**Records provided:**
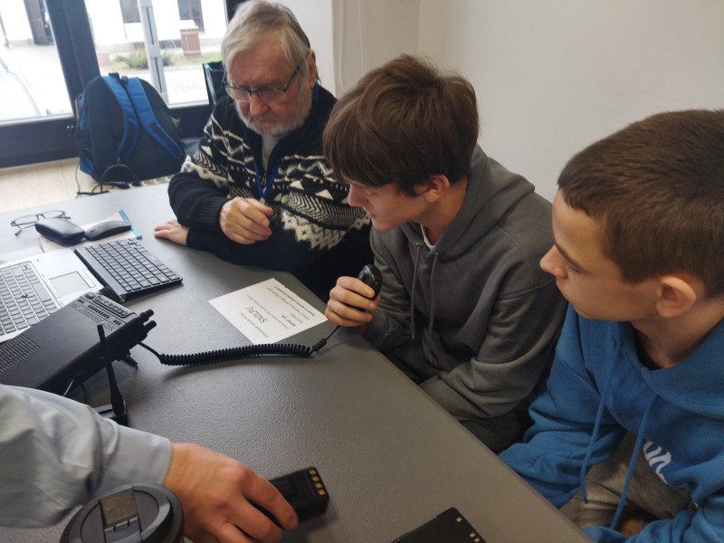 Na zakończenie goście zaprezentowali działanie profesjonalnej stacji krótkofalowej a chętni uczniowie mieli niepowtarzalną okazję przeprowadzić swoje pierwsze wywołania.
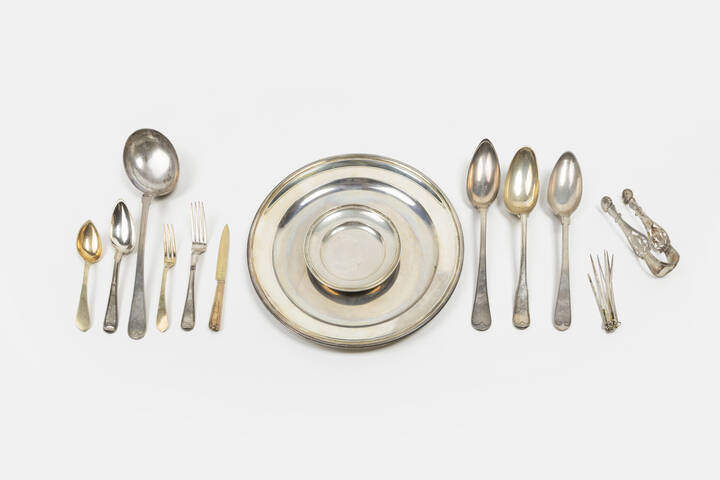 -3 pezzi da portata (due cucchiai grandi e un mestolo). Peso gr 433,9. Recano lettere incise e coronate; punzoni città di Torino, punzone con croce coronata dei Santi Lazzaro e Maurizio in uso dal 1824, argentiere Stefano Arnaud.
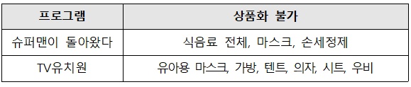 나. 프로그램별 불가 상품
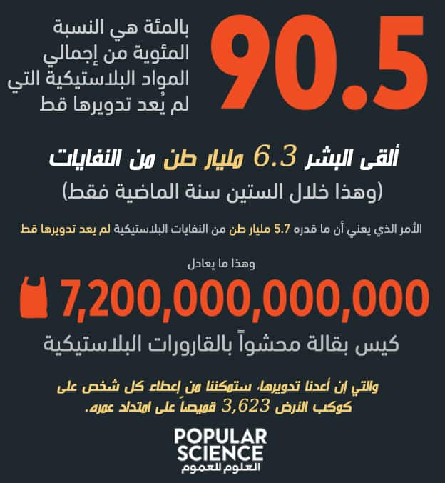يتمثل الرقم الإحصائي المُختار لسنة 2018 في العدد 90.5: هو النسبة المئوية لإجمالي النفايات البلاستيكية التي لم يعد تدويرها قط.
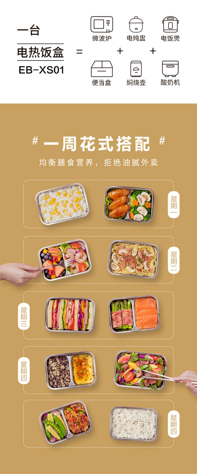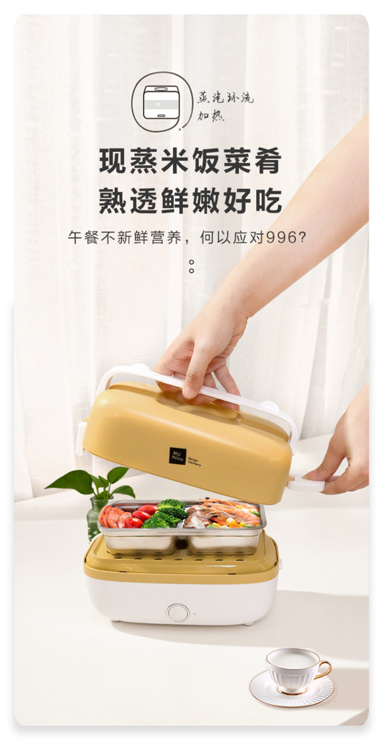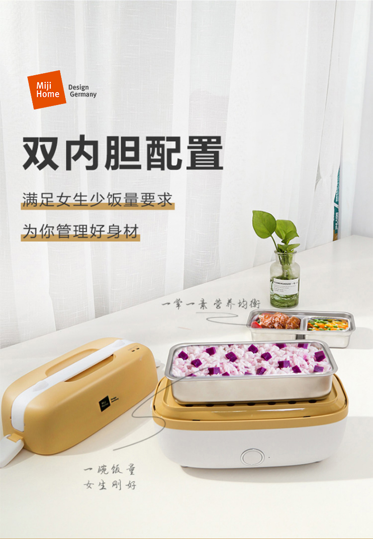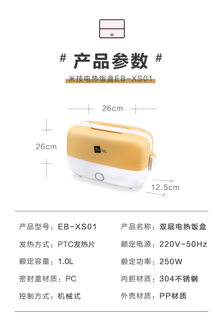 米技生活Miji Home电热饭盒上班族双层大容量不锈钢煮蒸热饭神器加热保温饭盒便携学生便当盒电热饭盒EB-XS01
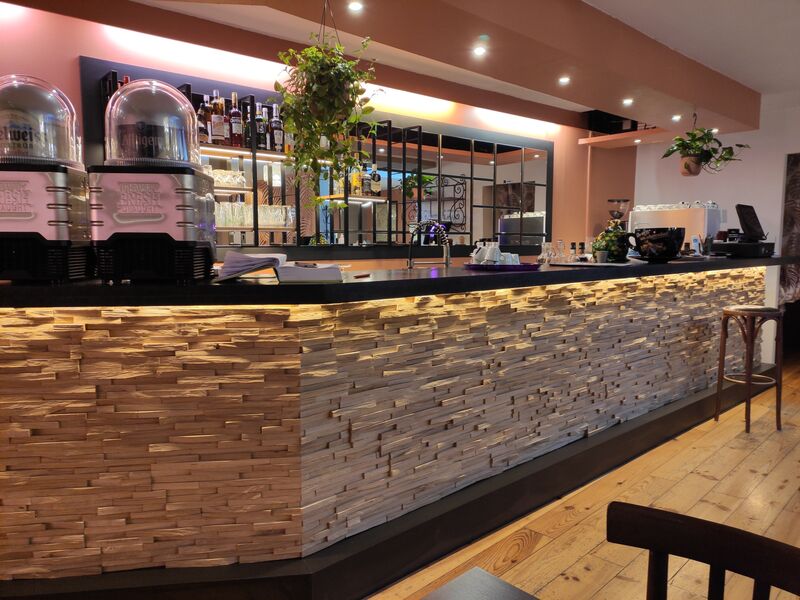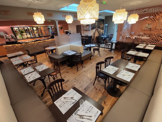Venez profiter de notre terrasse ou de notre salle climatisée au cadre chaleureux et contemporain, où nous serons heureux de vous accueillir avec le sourire. Nous avons également une belle sélection de vins pour les amateurs. Nous avons pris soin de rendre notre restaurant accessible à tous, avec un accès facile et la possibilité d'accueillir vos animaux de compagnie.
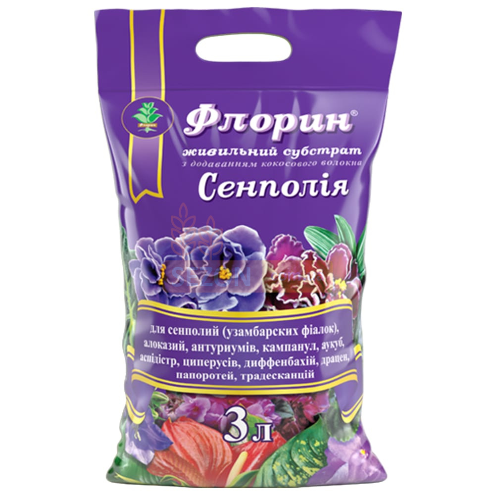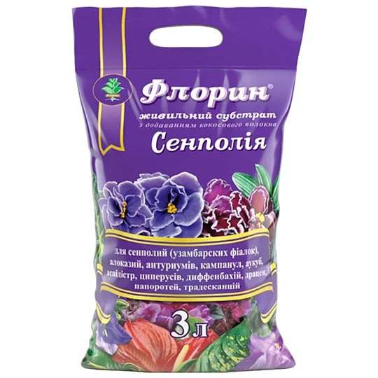 Флорин® – це поживний субстрат, спеціально розроблений для сенполій, алоказій, антуріумів, папоротей, аспідістр, драцен та інших декоративних рослин. Збалансований склад суміші містить торф, кокосове волокно, перліт, пісок і органічні добавки, що забезпечує оптимальну структуру ґрунту для росту та розвитку рослин.
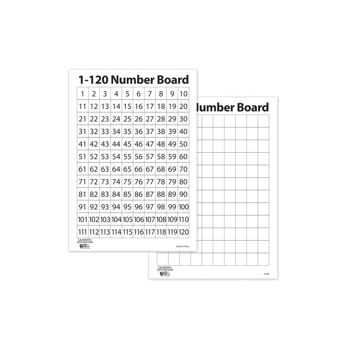 These durable and versatile boards are excellent for teaching coordinate grid concepts, graphing, arrays, area, perimeter and much more! 9" x 12" dry erase board features numbers 1-120 on one side and blank grid on the reverse side. Set of 10.

**The task:** Repeat word for word the lines from the one holding "Флорин® – це" through the last line of the listing above, including both ends. Drop the pictures.

**Solution to this problem:**
 Флорин® – це поживний субстрат, спеціально розроблений для сенполій, алоказій, антуріумів, папоротей, аспідістр, драцен та інших декоративних рослин. Збалансований склад суміші містить торф, кокосове волокно, перліт, пісок і органічні добавки, що забезпечує оптимальну структуру ґрунту для росту та розвитку рослин.
 These durable and versatile boards are excellent for teaching coordinate grid concepts, graphing, arrays, area, perimeter and much more! 9" x 12" dry erase board features numbers 1-120 on one side and blank grid on the reverse side. Set of 10.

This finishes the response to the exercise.